Shor's quantum algorithm solves factoring and discrete logarithms in polynomial time, breaking RSA, DH, ECDH, and ECDSA. Post-quantum cryptography (PQC) develops replacements based on problems believed resistant to quantum attack: lattices (ML-KEM, ML-DSA), hash functions (SPHINCS+/SLH-DSA), codes (Classic McEliece), and multivariate polynomials. NIST standardized ML-KEM and ML-DSA in 2024, based on Module-LWE/Module-SIS. The "harvest now, decrypt later" threat (adversaries store encrypted traffic for future quantum decryption) motivates immediate transition, even before large quantum computers exist. Hybrid approaches pair PQC with classical algorithms during the migration.
Post-quantum cryptography (PQC) is the urgent project of replacing the public-key algorithms (RSA, DH, ECDH, ECDSA) that secure the internet with alternatives that resist quantum computers. The threat is specific and devastating: Shor's algorithm solves integer factoring and discrete logarithms in polynomial time on a quantum computer, completely breaking RSA (factoring), Diffie-Hellman (discrete logs in multiplicative groups), and elliptic curve cryptography (discrete logs in elliptic curve groups). A sufficiently large quantum computer would break every HTTPS connection, every digital signature, and every encrypted email that relies on these algorithms.

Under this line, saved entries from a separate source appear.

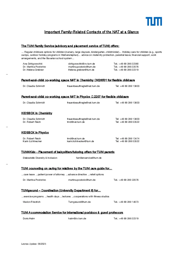 In such situations, TUM offers advice and, if necessary, emergency care. Further information on this, various brochures on the subject of care and information on flexible working hours to enable you to be active in caring for relatives can be found on the TUM Family Service pages.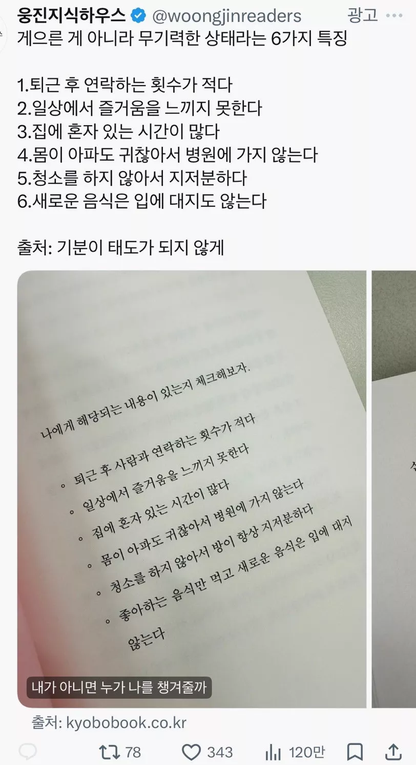 게으른 게 아니라 무기력한 상태라는 6가지 특징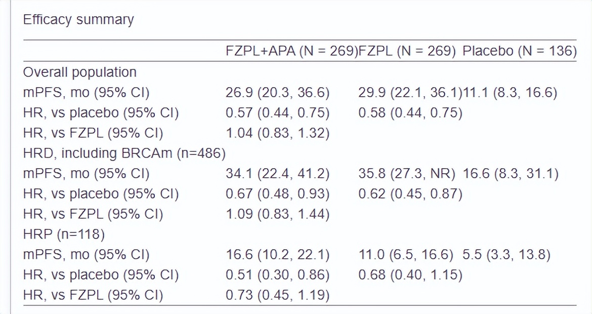 在总体人群中,氟唑帕利联合阿帕替尼(n=269)相比氟唑帕利单药(n=269)未显著增加治疗获益,中位PFS分别为26.9个月vs.29.9个月(HR=1.04)。在同源重组功能正常(HRP)患者中,氟唑帕利联合阿帕替尼组和氟唑帕利组的中位PFS分别为16.6个月vs.11.0个月(HR=0.73)。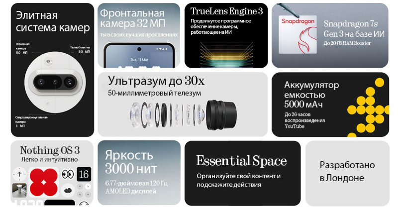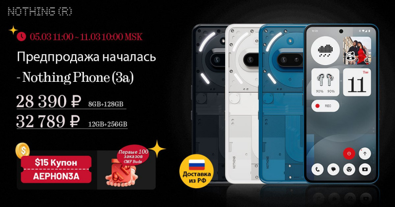 Предпродажа нового смартфона Nothing Phone (3a) началась и будет проходить в следующий период: 05.03.2025 11:00:00 ~ 11.03.2025 09:59:59 (MCK). Первые 100 покупателей получат в подарок наушники CMF Buds.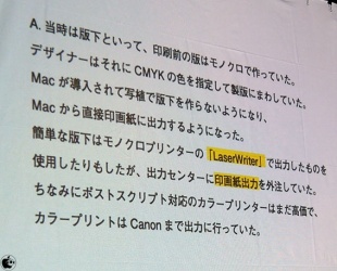 当時はモノクロの版下制作をLaserWriterで印刷したものを使用して、出力センターに印画紙出力を外注していたと話してました。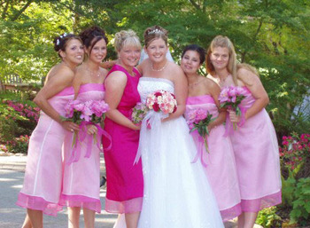 色はこのお店で言う「Watermelon」が新婦のテーマカラーにぴったりだったので、各々が近所のDavids Bridalに出向き、Watermelon色で好きなドレスを選びましょう ということになりました。
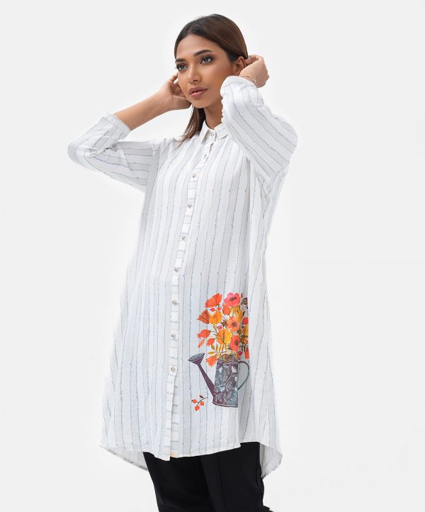 Ladies’ printed long shirt in georgette fabric. Classic collar, three-quarter sleeves and button fastening at the front.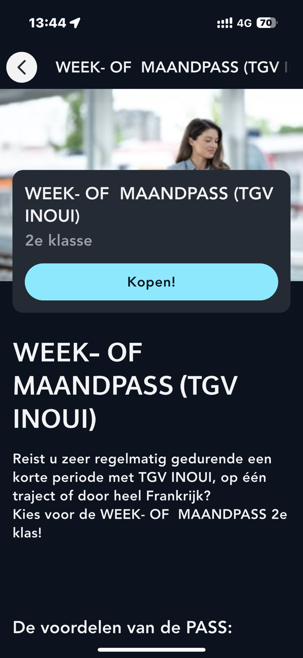 Reist u dagelijks met TGV INOUI op één traject of door heel Frankrijk? Kies voor de PASS HEBDO of PASS MENSUEL in de tweede of eerste klas.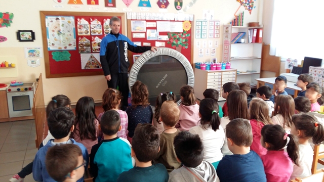 Οι μικροί μαθητές είχαν την ευκαιρία μέσα από προβολή βίντεο να γνωρίσουν ποια είναι τα αντρικά και ποια τα γυναικεία αγωνίσματα της ΕΝΟΡΓΑΝΗΣ ΓΥΜΝΑΣΤΙΚΗΣ. Ακόμη παρακολούθησαν στιγμιότυπα από αγώνες ακροβατικού τραμπολίνο, διπλού μίνι τραμπολίνο και ακροβατικού διαδρόμου και είχαν την ευκαιρία να δοκιμάσουν τις δυνάμεις τους σε απλές ασκήσεις στο μίνι τραμπολίνο, με τη βοήθεια πάντοτε του προπονητή της Ενόργανης Γυμναστικής κ. Χρήστου Ζάλιου.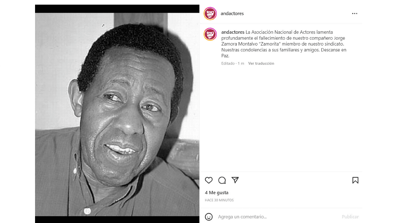 "La Asociación Nacional de Actores lamenta profundamente el fallecimiento de nuestro compañero Jorge Zamora Montalvo 'Zamorita' miembro de nuestro sindicato. Nuestras condolencias a sus familiares y amigos. Descanse en Paz".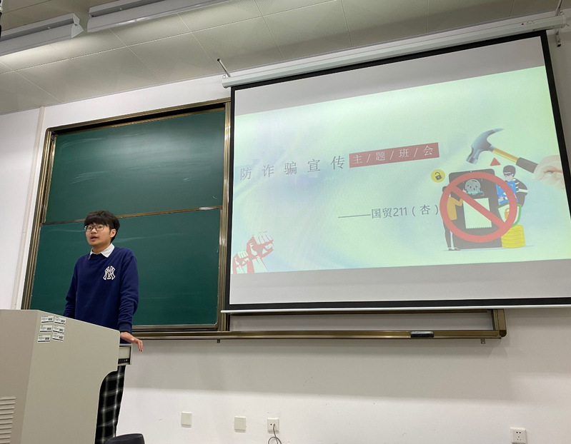 11月29日晚,国贸211于1-2教学楼203教室开展防诈骗宣传主题班会,由班长孔润民主持。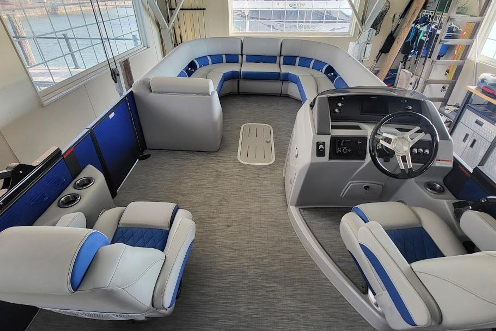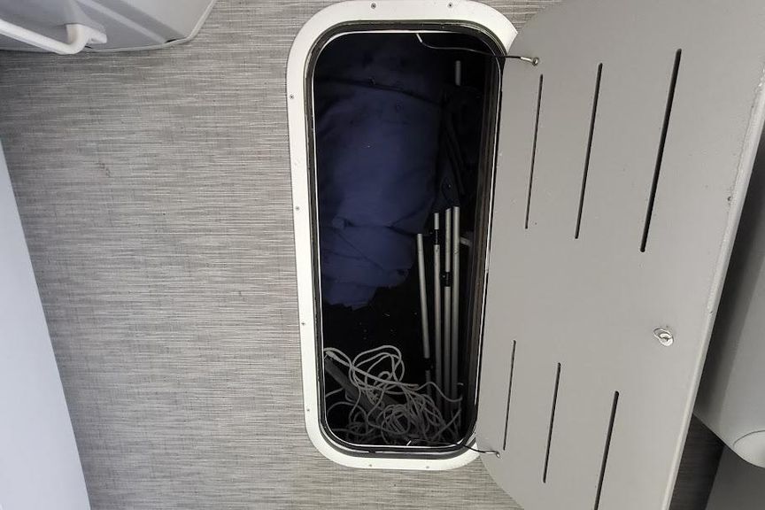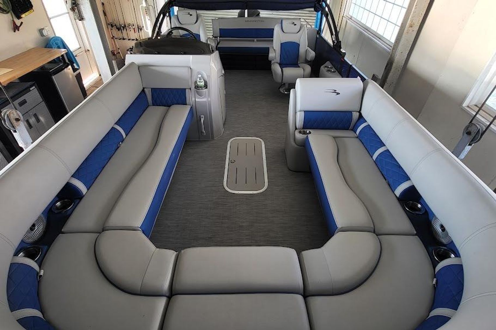 An innovative floor plan that enables dual seating capabilities in the stern by allowing users to face forward or backward depending on the position of the furniture back. Swingback floor plans feature the flexible swingback in the rear and benches up front.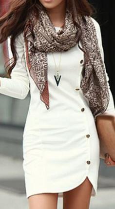 Enchanting Long Sleeve White Sheath Dress with Button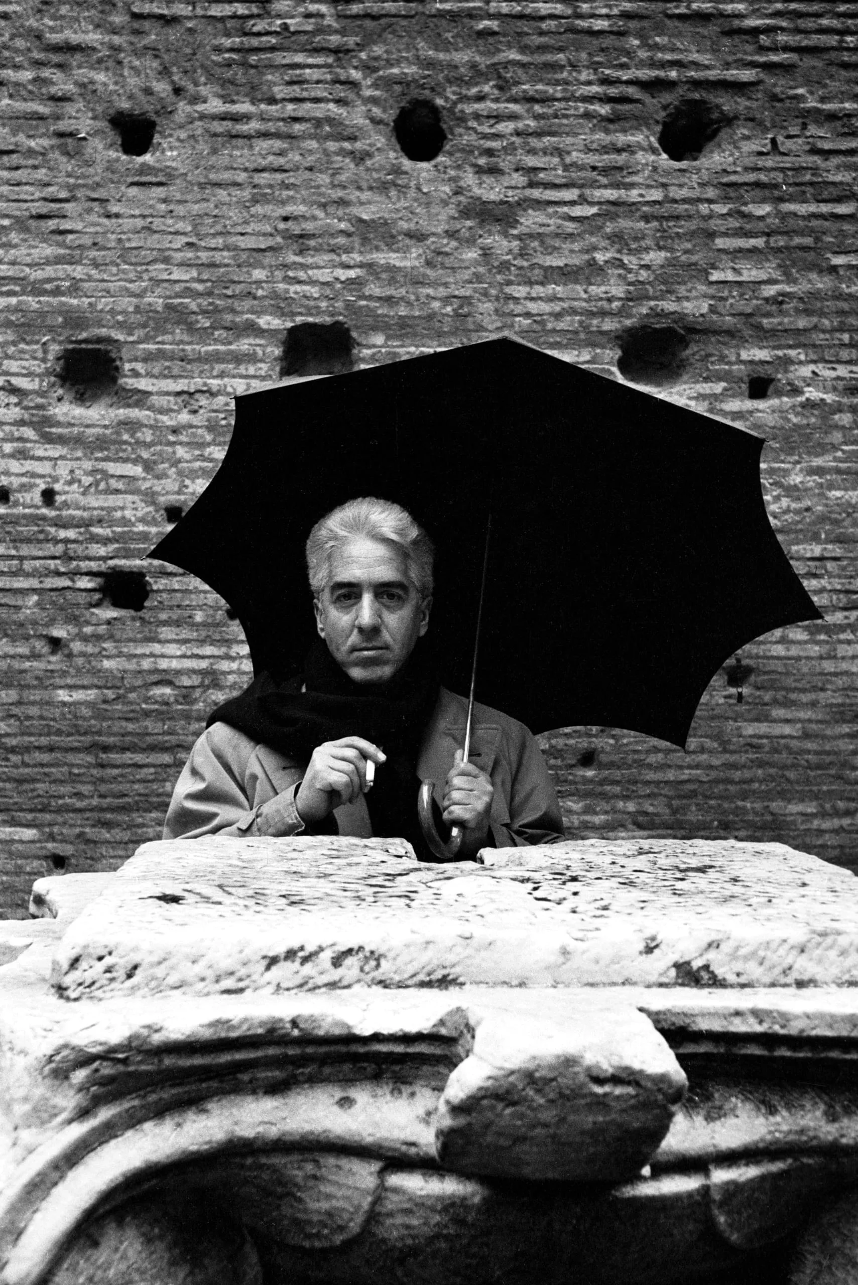 Black and white photograph, a man from the chest up standing behind a carved stone ledge, holding an open dark umbrella, with a pitted ancient brick wall behind him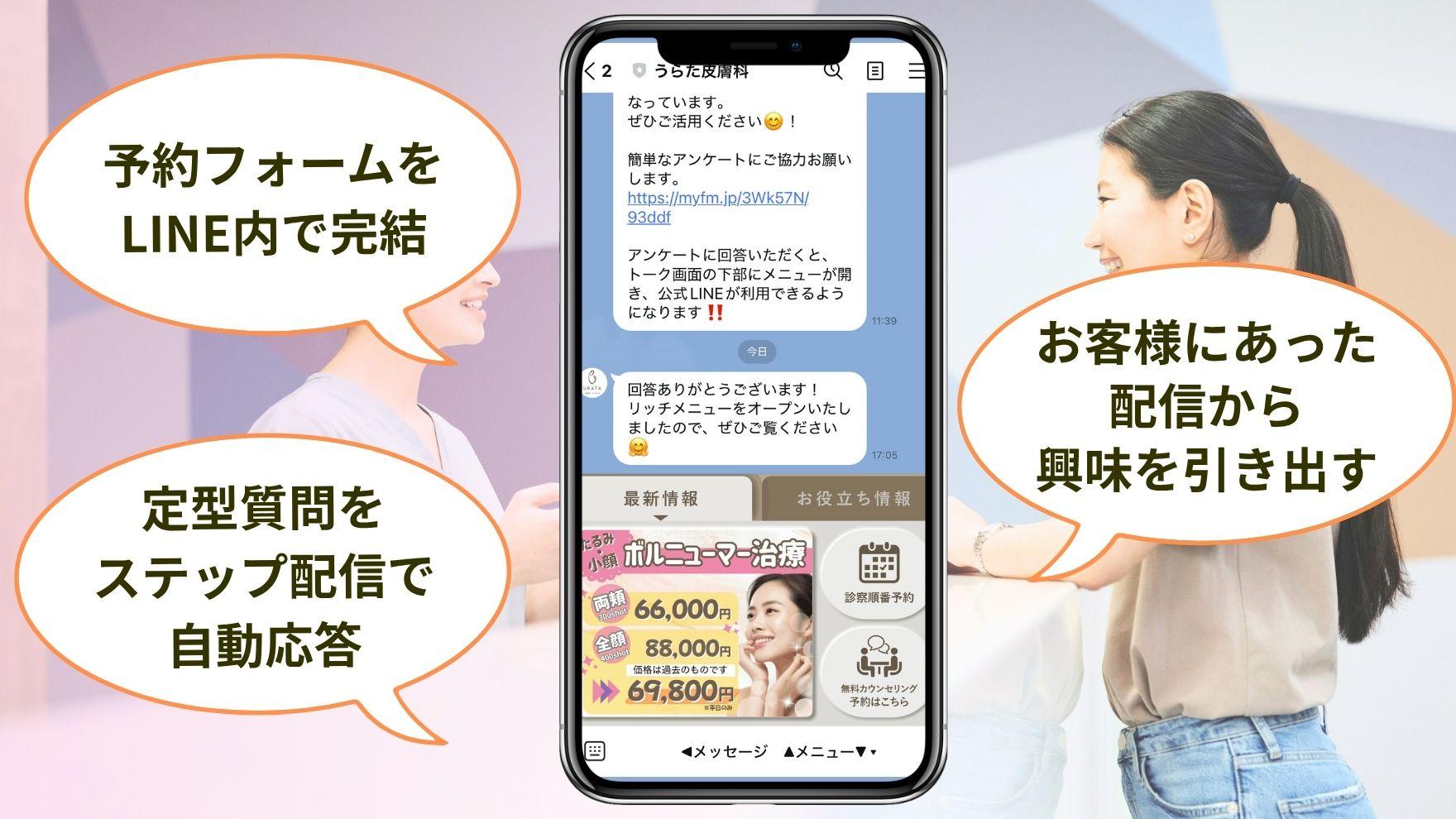 うらた皮膚科様では、Lステップを使ってLINE予約の自動化に成功した例を紹介します。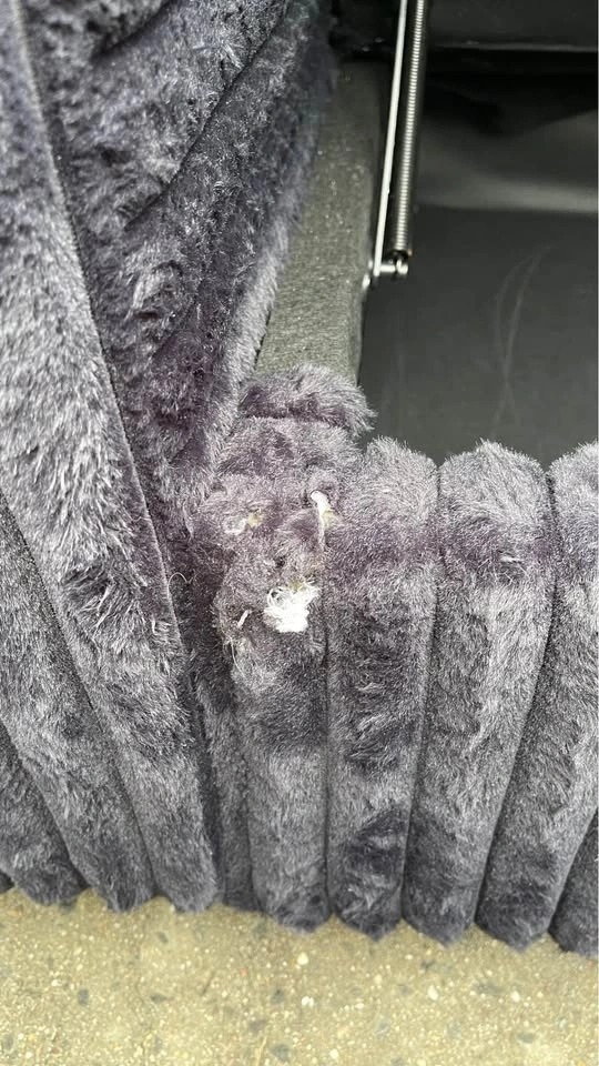 The couch does have some tears that are barely noticeable. Check the photos. Also, comes from a home with a smoker so it has odor. Overall, the couch is still in good condition. It comes with charging ports and the middle headrest comes down into a table with 2 cup holders.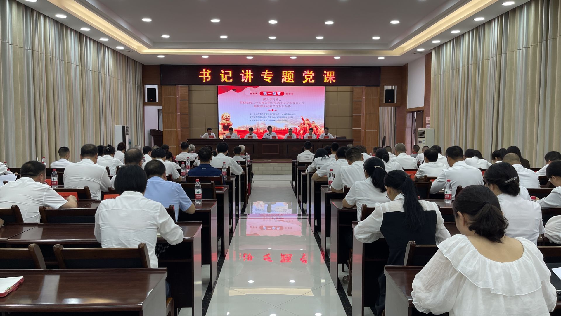 马家店街道党工委书记谭俊以《学思领悟二十大 踔厉奋发新征程》为题,紧紧围绕党的二十大精神的丰富内涵和实践要求,从三个方面给与会人员上了一堂精彩的专题党课,引导全体党员干部铭记党的百年历史、弘扬伟大建党精神、保持清醒政治头脑、自觉做到严于律己。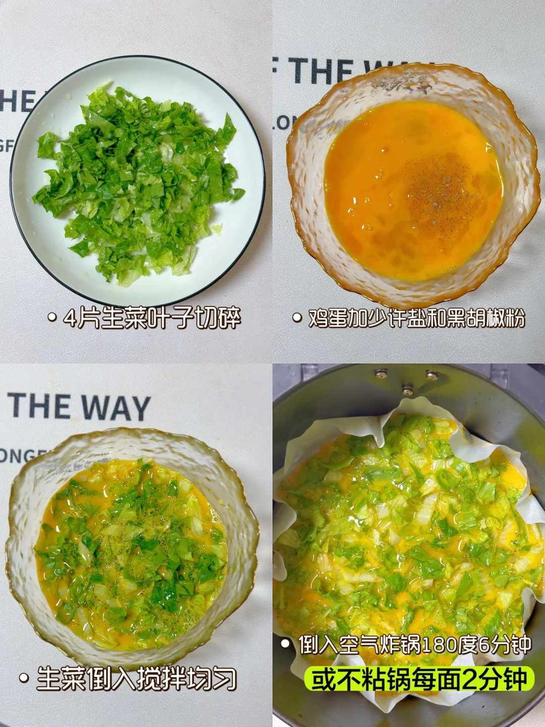 超适合减脂期间做的早餐,一定要试试,无面粉无油,而且超级简单,重点是好吃😋还不胖。 🍱食材:生菜4片,鸡蛋2个 [樱花R]方法:在图4有详细说明,可以用空气炸锅,180度8分钟或者是不粘锅小火每面各煎2分钟。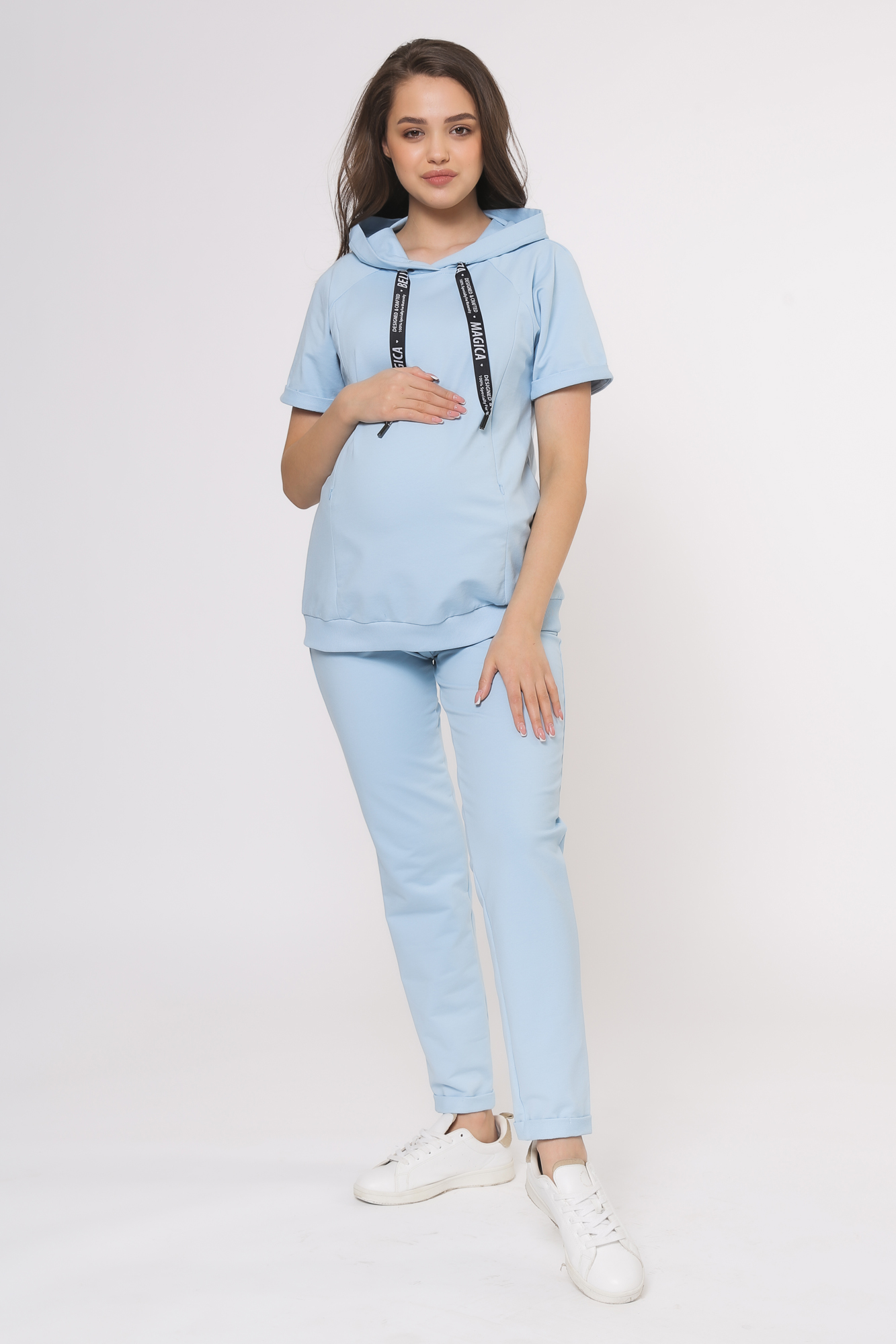 Спортивный костюм для беременных и кормящих. Модель выполнена из высококачественного двухниточного футера Френч Терри. Джемпер с капюшоном, короткими рукавами, оригинальным принтом и манжетой по низу изделия. Секрет кормления - диагональные потайные молнии - позволит покормить малыша с комфортом в любой ситуации. Брюки с эластичным поясом под живот не стесняют движений, особый крой рассчитан на весь срок беременности. Для регулировки объема предусмотрена перфорированная резинка, перестегивающаяся на пуговицу, продетая в пояс брюк.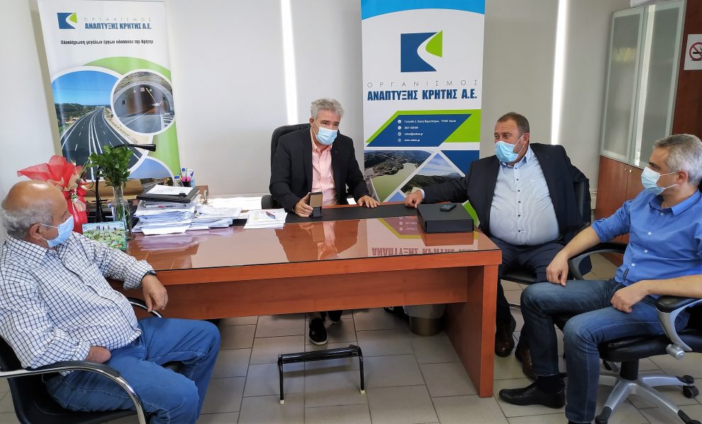 Συνάντηση με τον Δήμαρχο Κισσάμου κ. Γεώργιο Μυλωνάκη, είχε την Τρίτη 11/5/2021 ο Διευθύνων Σύμβουλος του Οργανισμού Ανάπτυξης Κρήτης, κ. Άρης Παπαδογιάννης, με αφορμή την έγκριση της χρηματοδότησης που αφορά την «Ολοκλήρωση των εργασιών του ισόπεδου κόμβου Δραπανιά Χανίων και συνδετήρων οδών».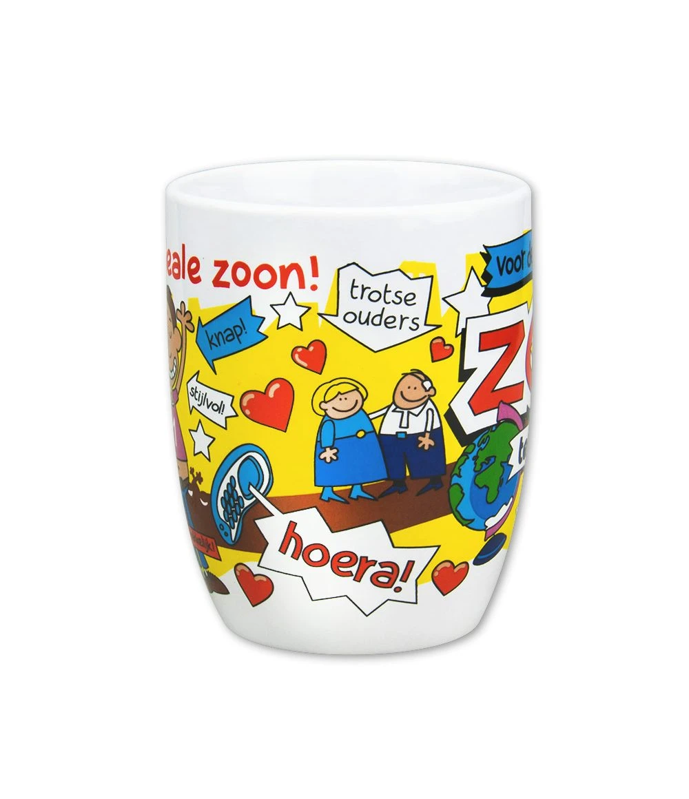 Deze mok met grappige tekening en tekst zoon is gemaakt van keramiek en door de unieke ‘cartoon’ style is deze mok een echte eyecatcher.

The urgency comes from the "harvest now, decrypt later" threat model. State-level adversaries are believed to be recording encrypted internet traffic today, storing it for future decryption once quantum computers mature. Data that must remain confidential for 20+ years (classified information, medical records, long-term business secrets) is already at risk if encrypted with quantum-vulnerable algorithms. The migration timeline compounds the urgency: replacing cryptographic algorithms across global infrastructure — browsers, servers, hardware security modules, embedded systems, satellites — takes years. Starting the transition after quantum computers arrive means years of additional vulnerability.
NIST finalized its first PQC standards in 2024 after an 8-year evaluation process. ML-KEM (Module-Lattice Key Encapsulation Mechanism, based on Kyber) replaces ECDH for key exchange, with public keys around 800-1500 bytes and encapsulation times under a millisecond. ML-DSA (Module-Lattice Digital Signature Algorithm, based on Dilithium) replaces ECDSA for signatures, with ~2.4 KB signatures. Both are based on Module-LWE/Module-SIS, lattice problems believed to resist quantum attacks. SLH-DSA (Stateless Hash-based Digital Signature Algorithm, based on SPHINCS+) provides an alternative signature scheme relying only on hash function security — larger signatures (8-50 KB) but based on the most conservative assumptions. The devastating 2022 break of SIDH/SIKE (an isogeny-based finalist that fell to a polynomial-time attack after a decade of study) reinforced the importance of this algorithmic diversity.
The transition strategy involves hybrid approaches: pairing classical algorithms with PQC counterparts so that security holds if either algorithm survives. Chrome and Firefox already support hybrid TLS key exchange (X25519 + ML-KEM). The combined key is derived from both algorithms' outputs, ensuring that a break in ML-KEM (if lattice assumptions fail) leaves ECDH protection intact, while a quantum attack on ECDH leaves ML-KEM protection intact. This belt-and-suspenders approach will likely persist for years as the cryptographic community builds confidence in the new standards. The PQC transition is the largest coordinated change in deployed cryptographic infrastructure since the adoption of public-key cryptography itself, touching every system that establishes secure connections or verifies digital signatures.